**Requirement:**
Below this line are records; transcribe exactly the lines between the one holding "ART GLASS CANDY DISH WITH LID - PINK" and the one holding "7cm Wide Headbands", inclusive, and omit the pictures.
--- START ---
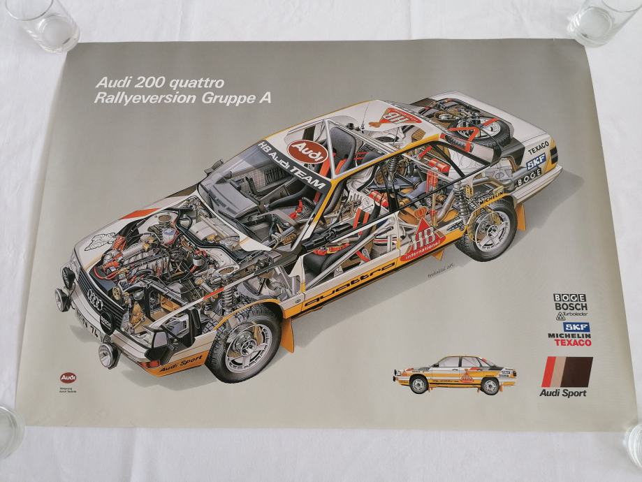ORIGINALNI PLAKAT POSTER AUDI 200 QUATRRO RALLY AUTOMOBIL 84cm x 60cm
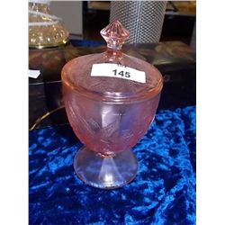 ART GLASS CANDY DISH WITH LID - PINK
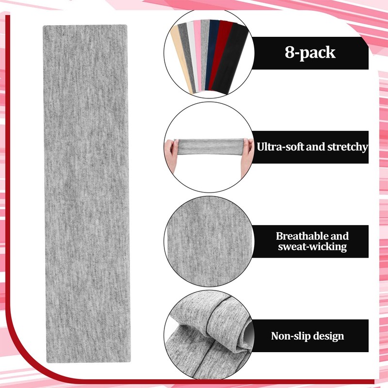 7cm Wide Headbands for Women's Hair 8 pack Sports Running Headband Non Slip for Women Men Elastic Sweat Bands Soft Fabric Hair Bands for Workout,Makeup, Yoga 2
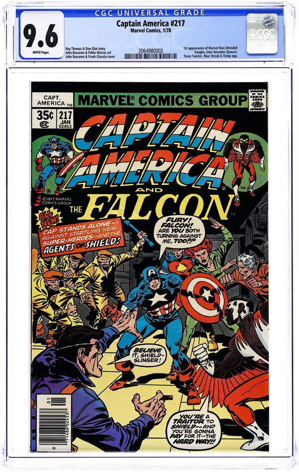 First appearance of Quasar (aka Marvel Man) in "The Search for Steve Rogers!" Plot by Roy Thomas. Script by Don Glut. Pencils by John Buscema. Inks by Pablo Marcos. Cover by John Buscema and Frank Giacoia. Captain America and the Falcon visit SHIELD's underground complex in Midtown...and meet the new Super-Agents of SHIELD! Nick Fury has been concerned about a shadowy organization called: The Corporation, so he recently assembled his own team of super-powered operatives. They are: the Blue Streak, Marvel Boy (aka Wendell Vaughn), the Texas Twister, and the Vamp. And now the Director of SHIELD wants the Sentinel of Liberty to put the new Super-Agents to the test! Four against one! This should be a piece of cake for the star-spangled avenger! First appearances of the Blue Streak and the Vamp. Cameo appearances by Dum Dum Dugan, Sharon Carter, Senator Kligger Stivak, Veda, and Redwing. (Notes: Wendell Vaughn was only called Marvel Boy in issue 217. Redwing appears for the first time since Captain America 191.) 36 pages. Cover price $0.35. Grade: CGC 9.6 explanation of grade Condition: Used (collectible)
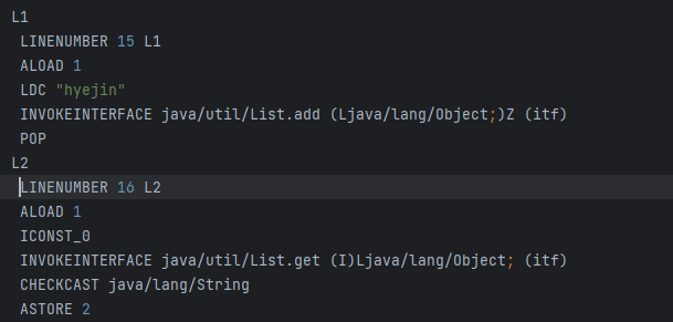byte code๋ก ํ์ธ์ ํด๋ณด๋ฉด (IntelliJ ์์๋ shift ๋๋ฒ ๋๋ฅด๊ณ show bytecode ํ๋ฉด ํ์ธํ ์ ์๋ค.)
--- END ---
**Answer section:**
 ART GLASS CANDY DISH WITH LID - PINK
 7cm Wide Headbands for Women's Hair 8 pack Sports Running Headband Non Slip for Women Men Elastic Sweat Bands Soft Fabric Hair Bands for Workout,Makeup, Yoga 2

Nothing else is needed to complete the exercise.